**Task item**
Beginning with the line below that contains "في الواقع، يمتص" and ending with the line that contains "Keitto- ja paistosetti", retype every line exactly. Pictures are not copied.

**The data**
■ ■ ■ ■ ■

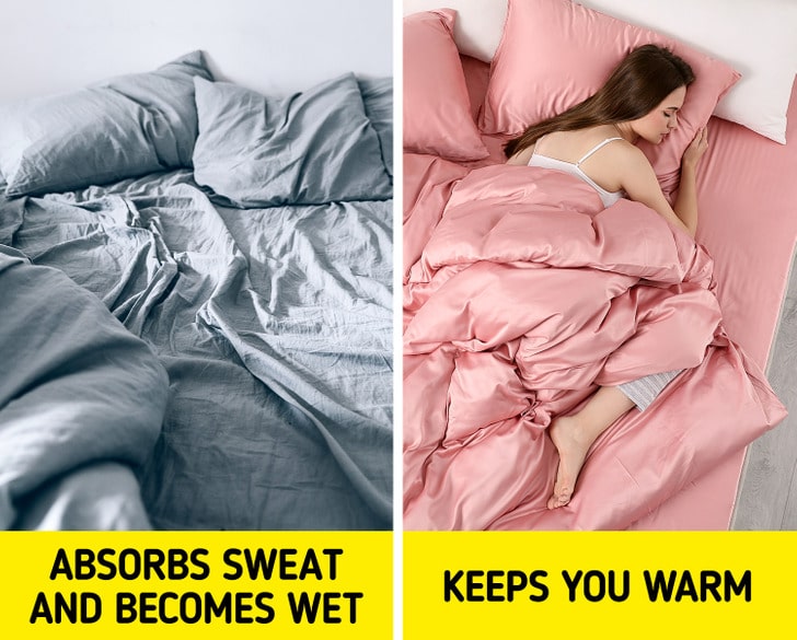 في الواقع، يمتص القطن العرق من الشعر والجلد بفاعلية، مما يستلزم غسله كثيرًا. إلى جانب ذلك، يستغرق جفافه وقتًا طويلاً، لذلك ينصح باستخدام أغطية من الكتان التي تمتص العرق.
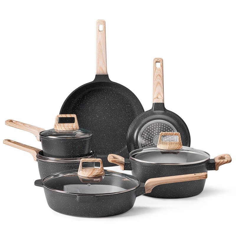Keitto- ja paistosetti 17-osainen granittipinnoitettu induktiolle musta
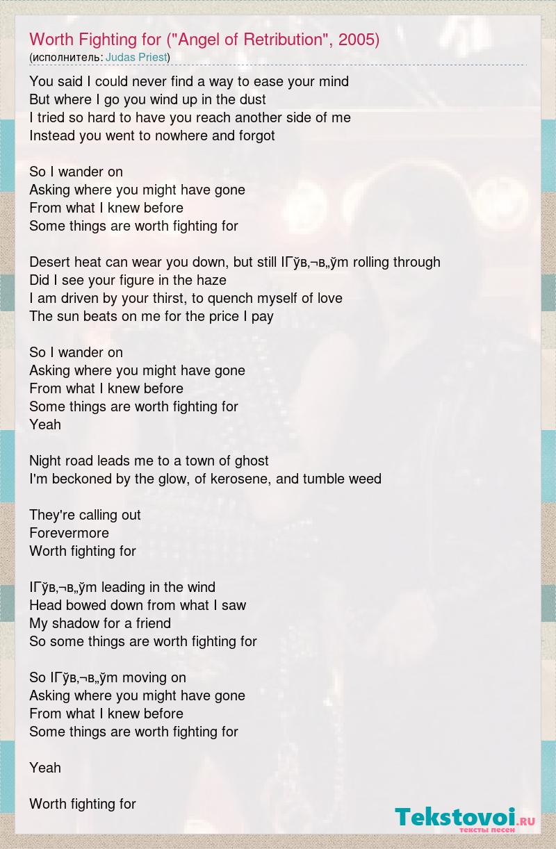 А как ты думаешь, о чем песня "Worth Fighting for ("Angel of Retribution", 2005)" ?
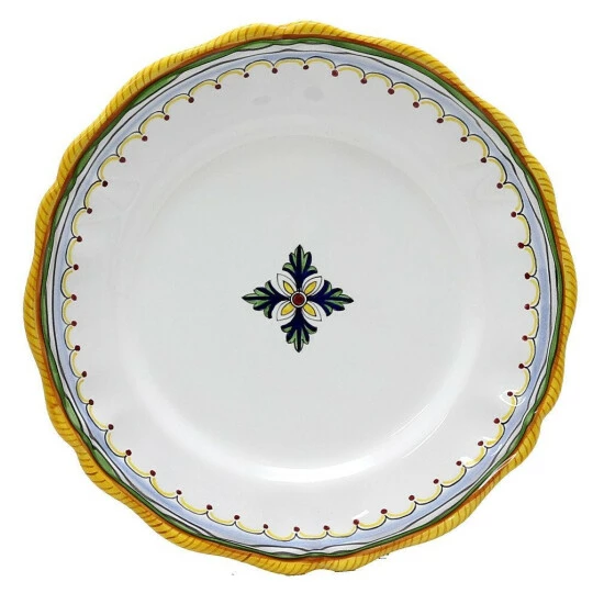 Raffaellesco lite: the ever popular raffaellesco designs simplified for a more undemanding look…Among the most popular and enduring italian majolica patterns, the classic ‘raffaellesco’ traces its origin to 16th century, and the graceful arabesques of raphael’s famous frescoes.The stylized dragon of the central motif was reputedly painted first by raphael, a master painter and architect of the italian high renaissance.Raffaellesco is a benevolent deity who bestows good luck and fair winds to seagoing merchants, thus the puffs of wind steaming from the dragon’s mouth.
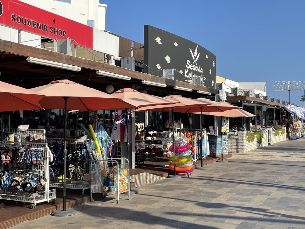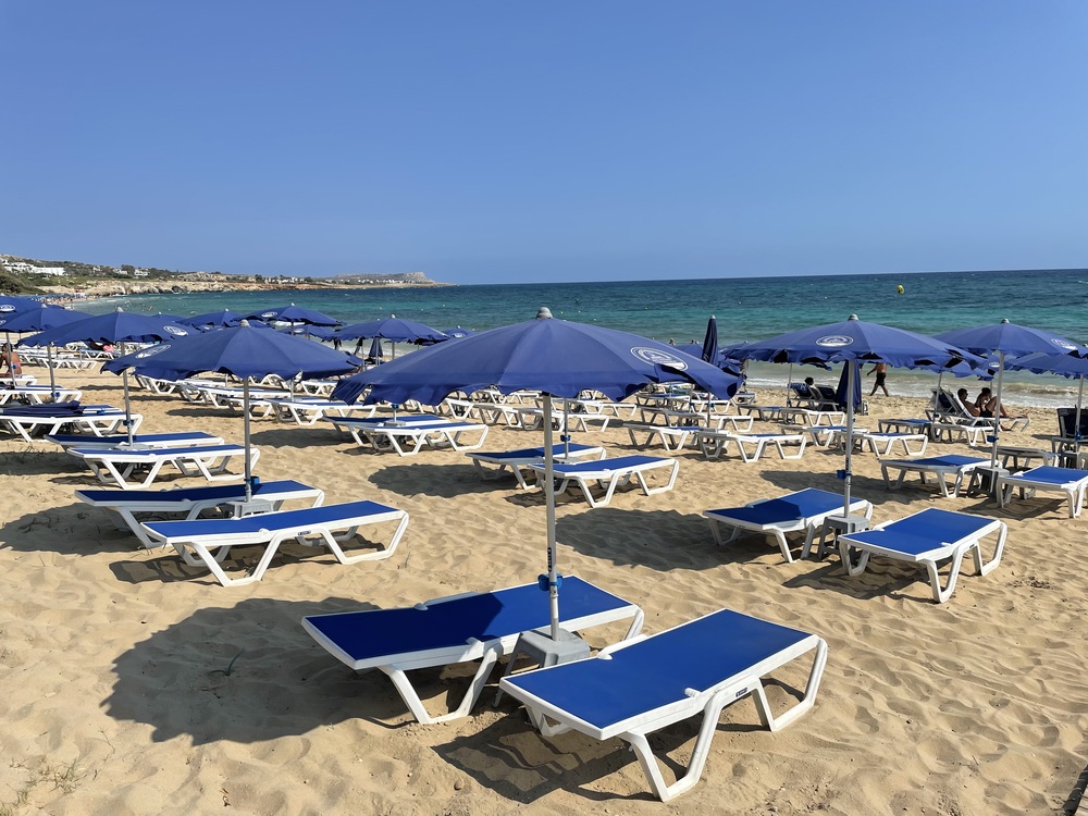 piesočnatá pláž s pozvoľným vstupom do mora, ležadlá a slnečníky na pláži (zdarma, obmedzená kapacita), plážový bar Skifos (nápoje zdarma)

■ ■ ■ ■ ■

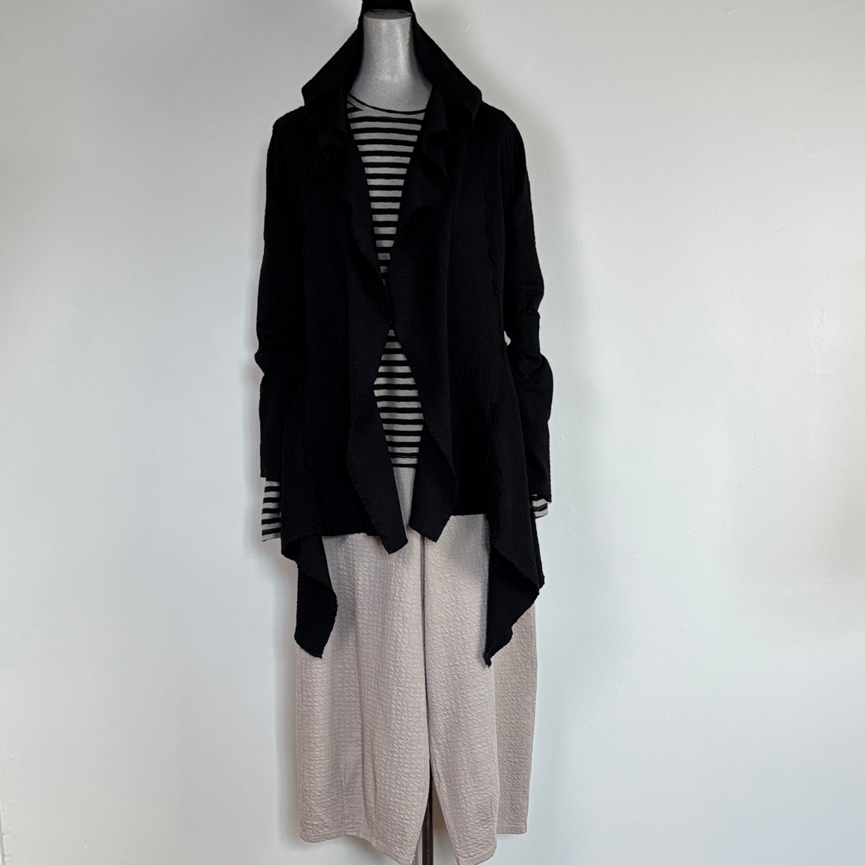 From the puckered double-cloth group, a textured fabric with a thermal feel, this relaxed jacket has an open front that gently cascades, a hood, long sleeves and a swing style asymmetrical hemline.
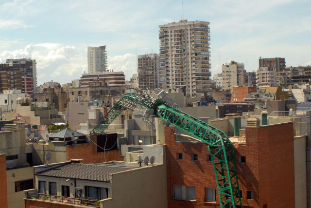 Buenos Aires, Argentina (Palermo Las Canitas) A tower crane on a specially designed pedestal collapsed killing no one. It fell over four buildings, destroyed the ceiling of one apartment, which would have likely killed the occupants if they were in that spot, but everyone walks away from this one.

■ ■ ■ ■ ■

**Exercise result**
 في الواقع، يمتص القطن العرق من الشعر والجلد بفاعلية، مما يستلزم غسله كثيرًا. إلى جانب ذلك، يستغرق جفافه وقتًا طويلاً، لذلك ينصح باستخدام أغطية من الكتان التي تمتص العرق.
Keitto- ja paistosetti 17-osainen granittipinnoitettu induktiolle musta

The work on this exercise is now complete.